Gaytancıoğlu'nun büyüme rakamlarına ilişkin açıklaması şöyle:
Nüfus artış hızı % 1.5 civarında olan Türkiye’nin 2017 büyümesi TÜİK verilerine göre % 7.4 oldu. Hatta, OECD ülkeleri arasında % 8.4 büyüyen İrlanda’dan sonra Türkiye en hızlı büyüyen 2.ülke oldu. Nüfus artış hızının üzerindeki her büyüme rakamı, bir ülkenin geliştiğini gösterir.

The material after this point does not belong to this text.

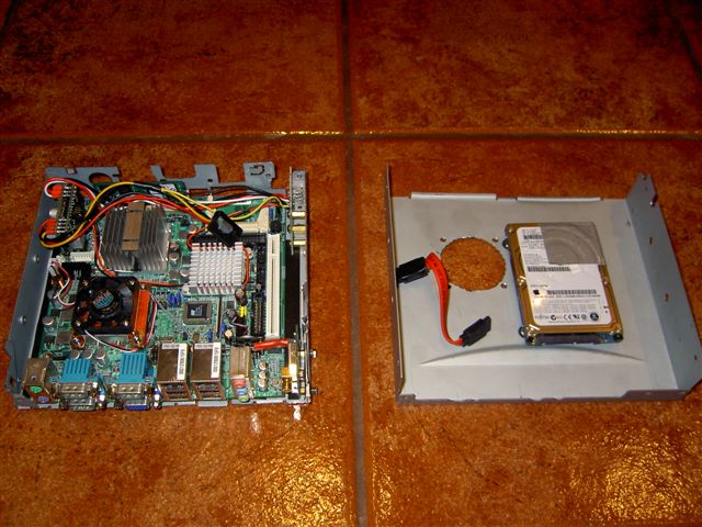 Но, не потому, что заглох процесс постройки компа в MDX, нет. Просто я достаточно ленивый в написании большого количества букв человек. Разбирал фотки на компе и наткнулся на тот небольшой децл фоток, что делал при установке. Так что взял себя в руки и решил натыкать пару-тройку килобайт на клавиатуре :) Как я написал в первом посте темы, планировал сделать инсталл в стиле многоуважаемого Slden'a - т.е. берем его контроллер и оставляем родной монитор. Однако, душа карписишника не смогла смириться с разрешением штатного моника, да и интегрированое видео на 965 чипсете не смог заставить выдавать картинку, поэтому было принято решение выкидывать родной моник нафиг. Восьмерка формата 3:4 выглядела бы слишком громоздко, поэтому решил запихнуть формат 16:9, тем более он как нельзя лучше подходил по размерам - практически такой же как и штатный. Снимаем родной моник, разбираем корпус, вытряхиваем из него всю начинку и запихиваем внутрь новый моник. Вложение 11592 Вложение 11596 Вложение 11597 Вложение 11598 Вложение 11589 Вложение 11599 На фото видна плата клавиатуры монитора, на самом деле она не понадобилась. Взял фотодиод (или как он там называется) с клавиатуры и разместил за черной пластиковой передней панелью - она покрашена, но инфракрасный пропускает, поэтому для регулировки параметров монитора использую пульт. Несмотря на ликвидацию штатного моника, остальные штатные мультимедиа компоненты (магнитола, навигационный комп, потолочный монитор) решено было оставить и интегрировать комп со всем этим барахлом. Причин тому несколько - во-первых, не хотелось ставить усилок (знаю я эту болезнь, как тока поставишь, сразу захочется поменять родную уккустику, опять ваять саб, и т.д... :) ). Во-вторых, штатная камера заднего вида питается от навигационного компа, напряжение питания 8 вольт - пришлось бы делать преобразователь. В-третьих, навигационный комп окромя бесполезной нави по штатам обладает системой диагностики авто, терять ее не хотелось. В-четвертых, всяческие навороты типа TPMS, изменение громкости в зависимости от скорости, блютуз уже есть в штатной навигашке и перекладывать на CarPC функцию их замены смысла нет. Родная навигашка не имеет естесственно VGA выхода - только RGB, поэтому для того, чтобы видеть, что там вещает навигационный комп был куплен за смешную сумму (450ре) преобразователь RGB -> CVBS. Вложение 11601 Соответственно, новый моник работает в 3 режимах: CarPC, Video2 - камера заднего хода (с автоматическим переключением от сигнала REVERSE) и Video1 - собственно родная навигашка (переключение в режим ручками, с пульта). Картинка после преобразования конечно не пиксель в пиксель, но достаточно для того, чтобы смотреть на нее без тошноты. MDX машина большая, места внутри дохрена, но это не повод забивать свободное место громадным компом на плате ATX формата. Да и не люблю я всякую хрень, кушающую по 200 ватт... Автомобильный комп должен быть быстрым и мало жрать, иначе это уже не автомобильный комп. В итоге моя конфигурация построена на Mini-ITX с мобильным Core2Duo и жрет в пике 45 Ватт вместе с монитором :) Для корпуса выбрал старый DVD корпус от покемонской балалайки, оставшейся от моего праворульного детства. Не хочу хвастаться, но по-моему это самый маленький корпус для платы формата Mini-ITX - размеры 200х180х45 :) Вложение 11594 Вложение 11590 Вложение 11595 Вложение 11588 Как не странно, но ставить дополнитель

Ancak Türkiye için, detaylı inceleme yapıldığında bu büyümenin gerçek bir büyüme olmadığı, SANAL bir büyüme olduğu hemen anlaşılmaktadır.
Sağlıklı bir ekonomide, %3’ü aşan bir büyüme rakamı bile o ülkeyi Dünya’da “güvenilen, yatırım yapılan” bir ülke yaparken, Türkiye % 7.4’lük bir büyümeye rağmen neden bu büyümeyi kimse hissetmiyor. Yani toplumun geniş bir kitlesi olan, çiftçi, işçi, esnaf, emekli, dar gelirli neden bu büyümeyi anlayamıyor? Neden Türkiye’ye yatırım gelmiyor, yeni fabrikalar kurulmuyor?
Nedeni çok basit. Büyüme rakamları yanlış mı ? Cevap HAYIR. Her ne kadar TÜİK, hesaplama yöntemlerini değiştirse de Türkiye gerçekte de % 7.4 büyüdü, bu rakam başka bir ülkede olsa belki orada yaşayan halk bu büyümeyi hissedebilir. Neden Türkiye’de bu büyüme hissedilmiyor? Çünkü, büyüme yöntemi YANLIŞ.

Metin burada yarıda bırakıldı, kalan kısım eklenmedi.